Les stratégies énoncées plus haut pour améliorer le conditionnement aversif chez l’abeille se sont concentrées sur la mesure de la RED pour révéler l’existence d’une association odeur – renforcement thermique. Une stratégie alternative serait d’utiliser une autre réponse comportementale plastique, réponse qui se modifierait lorsque les abeilles associent une odeur à une conséquence néfaste. Dans le chapitre 4, nous avons étudié les mouvements antennaires, qui ont l’avantage de constituer une réponse graduelle, afin d’estimer si ces mouvements pouvaient révéler la valeur hédonique acquise d'une odeur, associée préalablement avec un renforcement positif ou négatif. Si une plasticité de la réponse antennaire a été clairement démontrée dans le cas du conditionnement appétitif,

les abeilles déplaçant leurs antennes vers l’avant lorsque l’odeur apprise est présentée. A l’inverse, aucune plasticité claire n’a été observée pour le conditionnement aversif. Si les mouvements antennaires révélaient la valeur hédonique d’une odeur, alors nous nous serions attendus à voir les antennes allez vers l’arrière après un apprentissage aversif thermique. Cette impossibilité apparente d'observer un effet du conditionnement aversif sur la réponse antennaire peut provenir du positionnement des antennes vers l'arrière de la tête à la présentation de l'odeur, avant le conditionnement. L'utilisation d'odeurs, initialement perçues comme appétitives (entrainant un mouvement vers l'avant au départ), permettrait peut être d'observer un mouvement vers l'arrière une fois ces odeurs associées à un renforcement négatif (Nishiyama et al., 2007). Pour cette raison, une expérience en cours au Laboratoire consiste à présenter un nombre important de stimuli odorants à des abeilles naïves (stage de N. Henderson, 2015).
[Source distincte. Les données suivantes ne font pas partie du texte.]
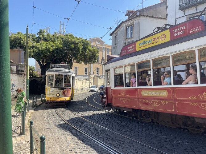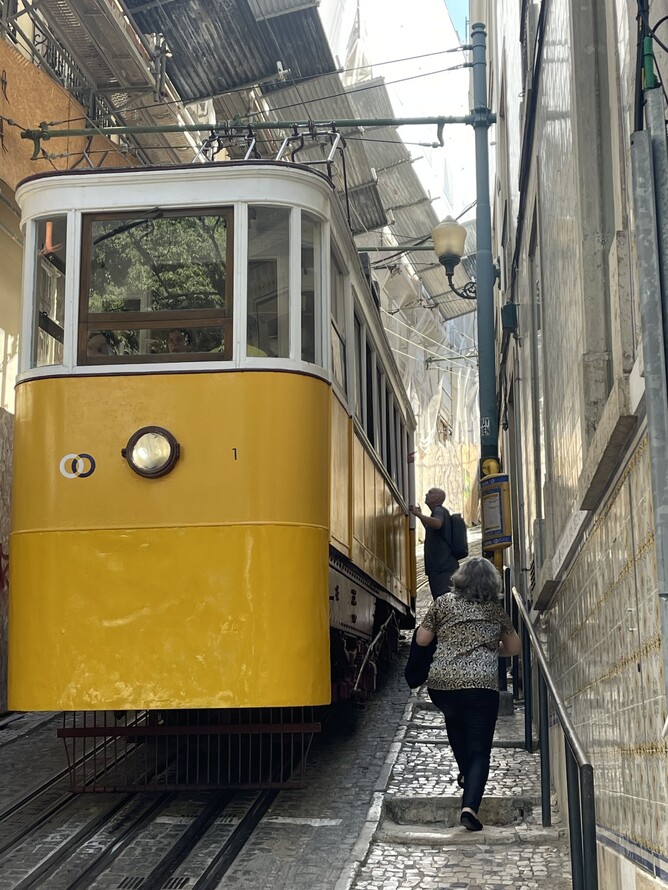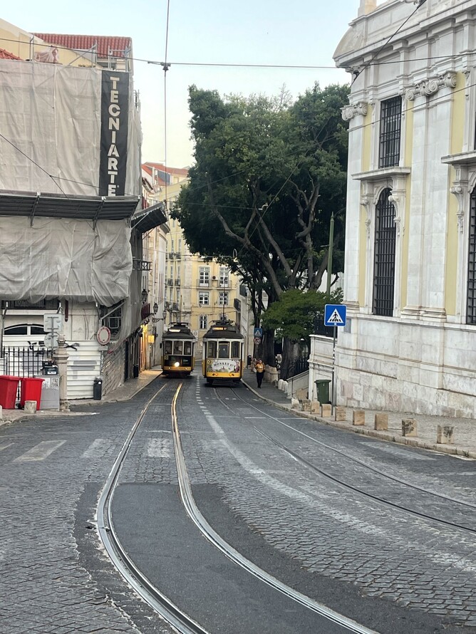 The oldest working tram is Tram 28, which operates through historic districts like Alfama, Baixa, and Chiado, and is a very touristic ride. So we went on that for an hour, early in the morning to avoid the queues for it. And saw pretty much what we saw on our bike ride, but more quickly.

D'un autre côté, l'absence de stimulation antennaire par le SI pendant le conditionnement de la RED, le différencie de l'apprentissage appétitif de la REP. La mesure antennaire de la valence hédonique acquise d'une odeur pourrait nécessiter un contact entre les antennes et le SI. Dans le contexte du butinage, les antennes des abeilles entrent en contact avec le nectar fourni par les fleurs, ce qui permet à l'abeille d’estimer la qualité de la source de nourriture (Wright and Schiestl, 2009). Dans cette logique, la réponse antennaire procéderait d'un apprentissage opérant dans lequel la récompense augmenterait la probabilité de mouvements des antennes vers l'avant, tandis que la punition entraînerait un évitement qui positionnerait les antennes vers l'arrière. Il sera donc important dans un futur proche de répéter cette expérience i) avec des odeurs ne produisant pas de réponse vers l’arrière avant apprentissage, et/ou ii) en appliquant le renforcement thermique au niveau des antennes de l’abeille.

L’utilisation d’une réponse graduelle, qui procure une mesure plus fine que la REP ou la RED (essentiellement des réponses tout-ou-rien), pourrait se révéler particulièrement avantageuse dans certains contextes d’étude comme l’étude de l’anticipation, ou de phénomènes d’interactions complexes entre associations. Les apprentissages associatifs, classique et instrumental, dépendent de l'association entre des signaux externes ou une réponse comportementale et la représentation interne d'une récompense ou d’une punition (Rescorla, 1987 ; Gil et al., 2007). Dans ce contexte, l'"anticipation" peut se comprendre comme l'activation de la représentation interne de la récompense (ou de la punition) par les événements annonçant celle-ci, en l'absence du renforcement (Tolman, 1959 ; Logan, 1960). L'étude de l'"anticipation" de la récompense est essentielle à la compréhension de l'ontogénie des comportements, au travers de l'apprentissage. Les abeilles adaptant leurs efforts de butinage en fonction de la qualité et de la quantité de nourriture disponible, l'anticipation joue donc un rôle central dans la modulation de ce comportement (Menzel et al., 2006). Dans les études de l'apprentissage appétitif en contention, seule la réponse d'extension du proboscis (REP) était utilisée. Ainsi, le comportement anticipatoire de l'abeille reposait uniquement sur l'observation de la REP pendant la présentation de l'odeur renforcée. Cependant, le contexte expérimental, dans lequel est

effectué le conditionnement, participerait aussi à la formation d’associations appétitives. Ainsi, l’abeille associerait ce contexte expérimental, c'est-à-dire l’ensemble de stimuli multisensoriels présents lors du conditionnement, avec la récompense sucrée. Il est très rare de pouvoir observer des REP manifestées par les abeilles en réponse au contexte expérimental, ce qui rend l’étude de ces associations difficile. Par contre, la réponse antennaire, beaucoup plus fine, devrait permettre de les appréhender, par exemple sous la forme d’une propension plus importante à placer ces antennes vers l’avant lorsqu’on place l’abeille dans le contexte de l’apprentissage. En comparant les mouvement antennaires avant toute présentation du SC+ et du SC-, dans des groupes conditionnés, avant et après apprentissage, avec un groupe contrôle naïf, nous pourrions estimer l'impact de l'attente et des associations contextuelles prédisant la survenue d'une récompense.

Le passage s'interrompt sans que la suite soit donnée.